Dataset items:
────────────────

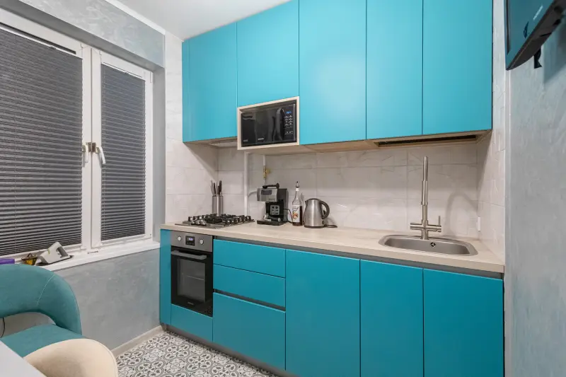 Кухня LРУМЭ803 Slide-S01, цвет 100 Элегантная и функциональная кухня LРУМЭ803 Slide-S01 идеально впишется в интерьер современной студии. Модель выполнена в светлом матовом оттенке слоновой кости, что визуально расширяет пространство и создает уютную атмосферу. Преимущества и особенности: - Материалы: Фасады из стекла и пленки обеспечивают долговечность, а стильная поверхность легко поддается уходу. - Форма: Угловая L-образная конструкция с барной зоной оптимально подходит для небольших помещений и позволяет создавать комфортные рабочие и обеденные зоны на площади до 10 кв.м. - Комплектация: Кухня включает встроенную духовку, эргономичную столешницу из искусственного камня и акрила, а также стильные витрины, идеально дополняющие современный дизайн. - Назначение: Отличное решение для квартир-студий и компактных кухонь, где важны функциональность и стиль. Кухня не только работает как место для готовки, но и добавляет эстетики и удобства каждому дню. Маленькие размеры длиной 2 метра делают модель подходящей для установки даже в ограниченном пространстве. Мебель прекрасно гармонирует с современным и модерн-стилем интерьера. Создайте уют и комфорт вместе с кухней LРУМЭ803 Slide-S01!
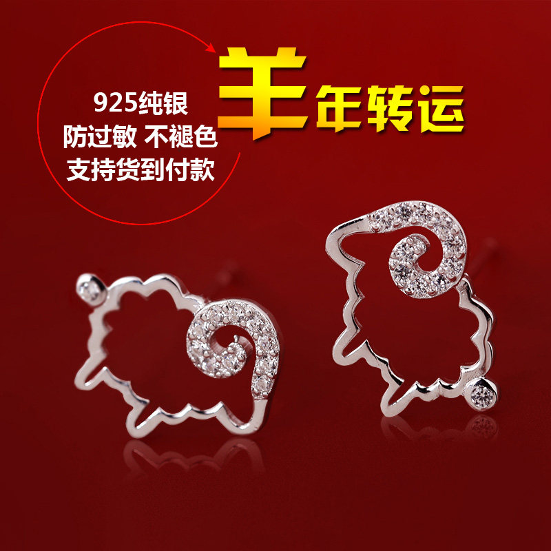 七夕恋人 生肖本命年小羊耳钉925纯银饰品韩版女开运时尚可爱耳环
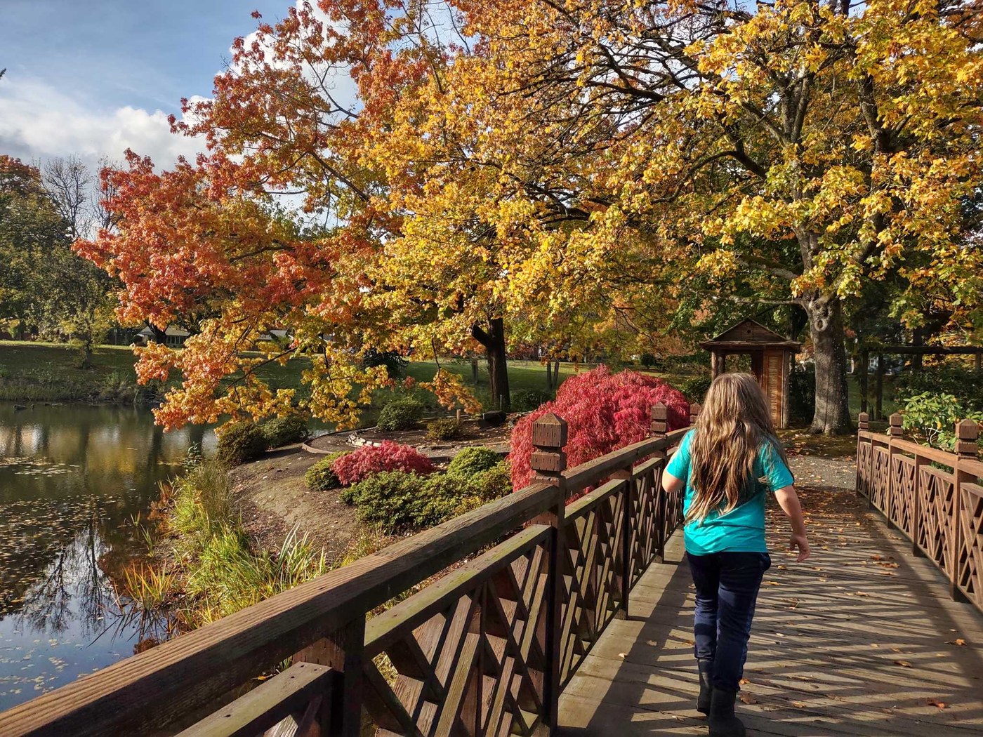 The colors are beautiful everywhere but definitely peaked in the Japanese garden which is situated on an island in the lake. The island does not allow dogs (we took turns), and closes at 3:30pm (we barely made it). The rest of the park is dog friendly and they will be thrilled with all the geese, ducks, and squirrels.
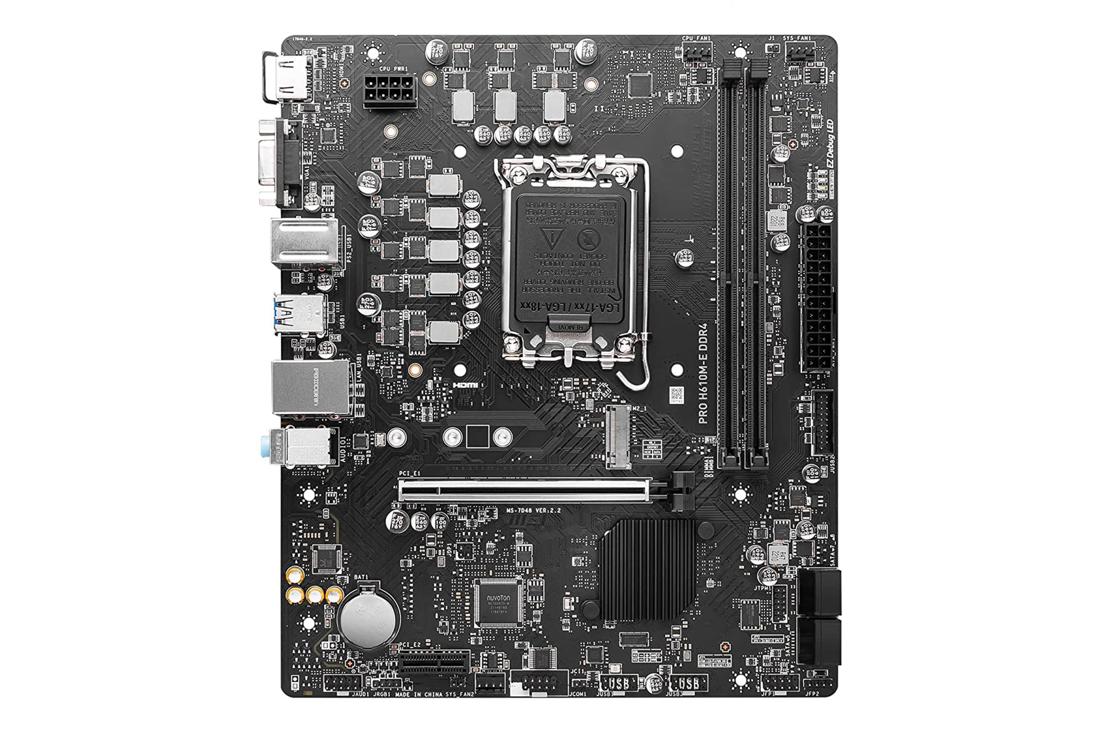 بسیاری از کاربران بهدنبال خرید مادربردهای هستند که در کنار عملکرد قابل قبول، قیمت مقرون بهصرفهای هم داشته باشند. مادربرد msi-H610 M-D D4 شرکت ام اس آی شاید در جایگاه یک مادربرد بالارده و پرچمدار قرار نگیرد، اما در جایگاه یک مادربرد میانرده، به مشخصات فنی مناسبی مجهز شده است که در نهایت توانایی ارائه عملکرد قابل قبولی را خواهد داشت. طراحی ساده این مادربرد در کنار متریال مناسب در ساخت سبب شده تا ظاهر کاربرد پسندی را با خود بههمراه داشته باشد. از جمله ویژگیهای کلیدی این مادربرد، توانایی پشتیبانی از پردازنده نسل 12 اینتل است. دو اسلات رم از نوع DDR4 برای این مادربرد در نظر گرفته شده که توانایی پشتیبانی از حداکثر ظرفیت 64 گیگابایت را دارند. یک اسلات PCIe x16 هم برای این مادربرد در نظر گرفته شده که با توجه به متریال مناسب، در طول عمر مفید کارتگرافیکی که قرار است از آن استفاده کنید تاثیر بالایی دارد. در بخش چیپست هم شاهد حضور Intel H610 هستیم که در جایگاه یک چیپست میانرده، عملکرد خوب و قابل قبولی خواهد داشت. در بخش پنل پشتی هم بهنسبت تعداد درگاههای متعدد البته متنوعی را شاهد هستیم که امکان اتصال آسان با دستگاههای دیگر را فراهم کرده است.
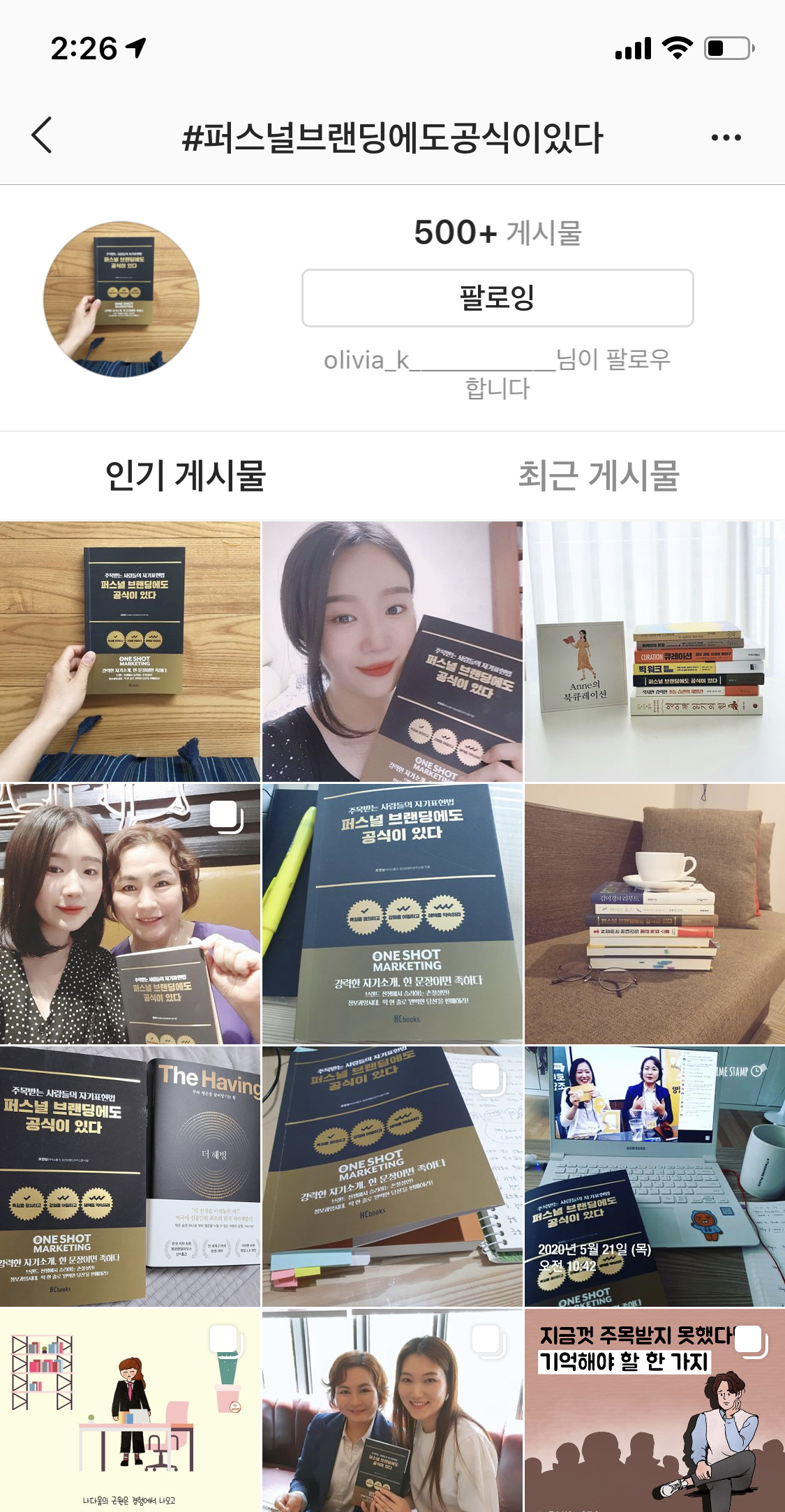 네이버 검색 [퍼스널브랜딩] 책 카테고리 중 베스트셀러, 자기계발, 경제경영 분야 수 백권의 책 중 1위로 검색이 되고, 인스타그램 피드에서도 하루 수 십개의 책 관련 태그가 올라와 540여개가 넘는 포스트가 발행되었습니다.
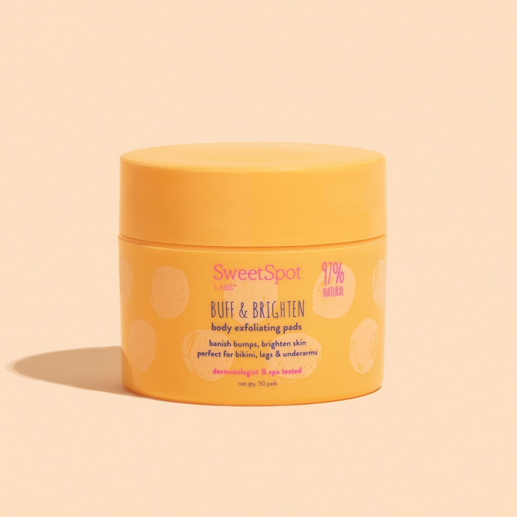 Buff & Brighten Body Exfoliating Pads provide both manual and chemical exfoliation to help put an end to the irritating side effects of hair removal. The oversized pH-balanced pads with glycolic acid (AHA) and willow bark extract (BHA), are a mess-free, one-step solution to buff away ingrown hair, razor bumps, and post-inflammatory hyperpigmentation. If used regularly, it can help prevent any of these from forming again. A soothing combination of witch hazel, aloe vera, and allantoin leave skin soft and smooth, not stripped and dry. Dermatologist-tested and recommended by spas, Buff & Brighten Pads are sweet on all skin, even the most intimate.
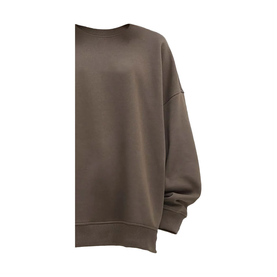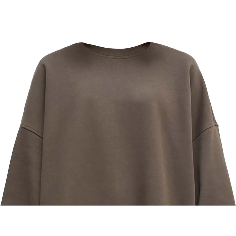 Eco-Friendly Winter Women's Solid Embroidered Breathable Fleece Crew Neck Sweatshirt Front Pure Brown Windproof Polyester/Cotton
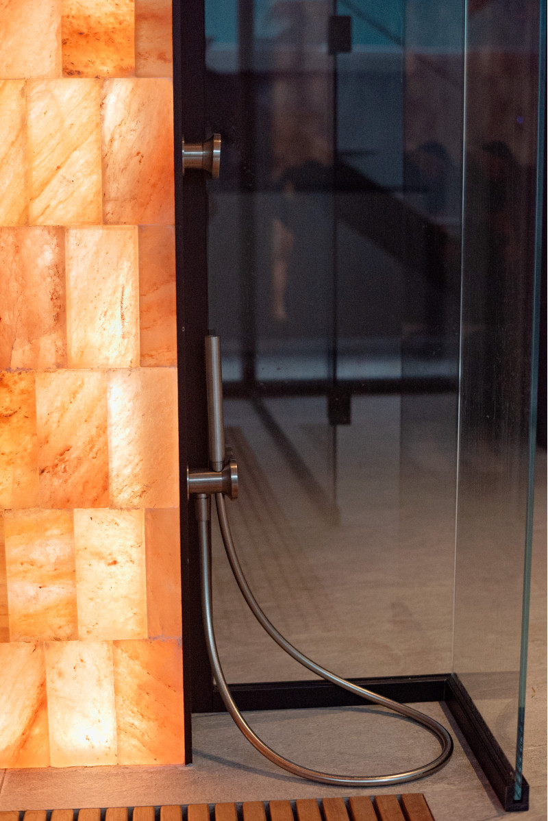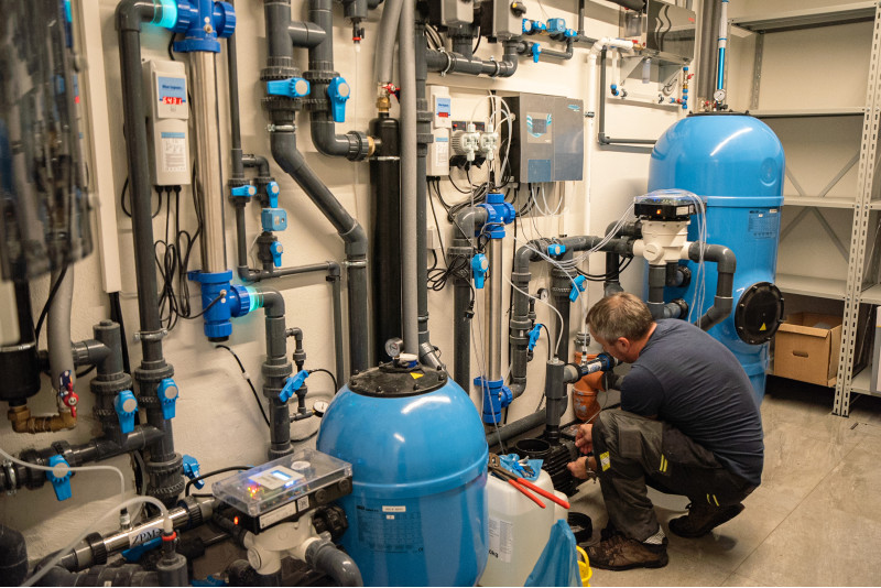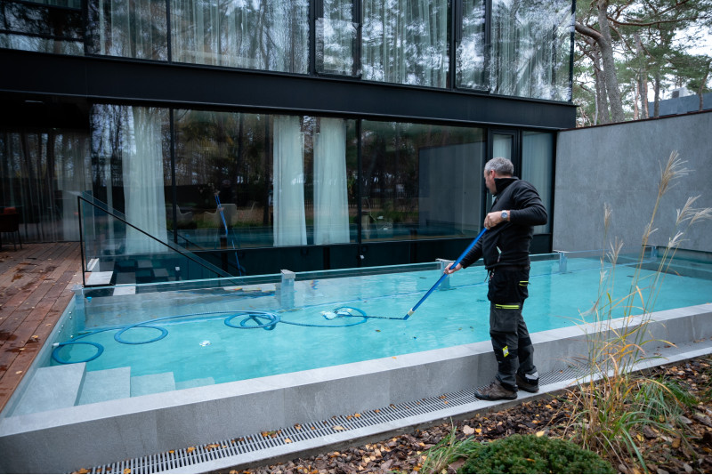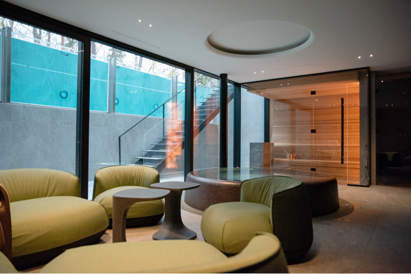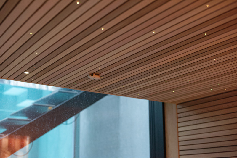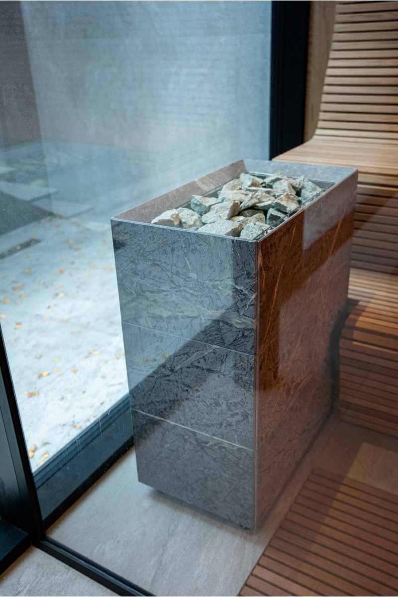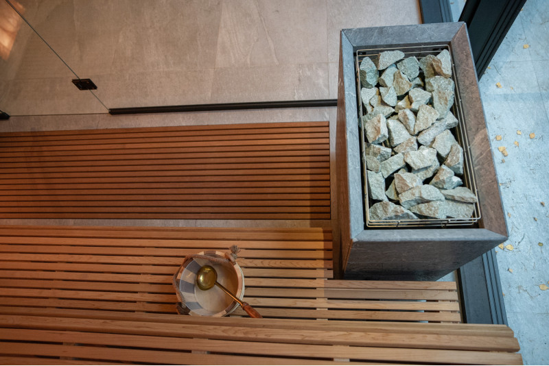 Individual project of a sauna, outdoor pool, pouring device and whirlpool

────────────────

▶ [Exercise brief]: Would you set down only the lines above from the line with "七夕恋人 生肖本命年小羊耳钉925纯银饰品韩版女开运时尚可爱耳环" to the line with "The colors are", both included, exactly as they stand and without the pictures?

▶ [Result of this task]:
 七夕恋人 生肖本命年小羊耳钉925纯银饰品韩版女开运时尚可爱耳环
 The colors are beautiful everywhere but definitely peaked in the Japanese garden which is situated on an island in the lake. The island does not allow dogs (we took turns), and closes at 3:30pm (we barely made it). The rest of the park is dog friendly and they will be thrilled with all the geese, ducks, and squirrels.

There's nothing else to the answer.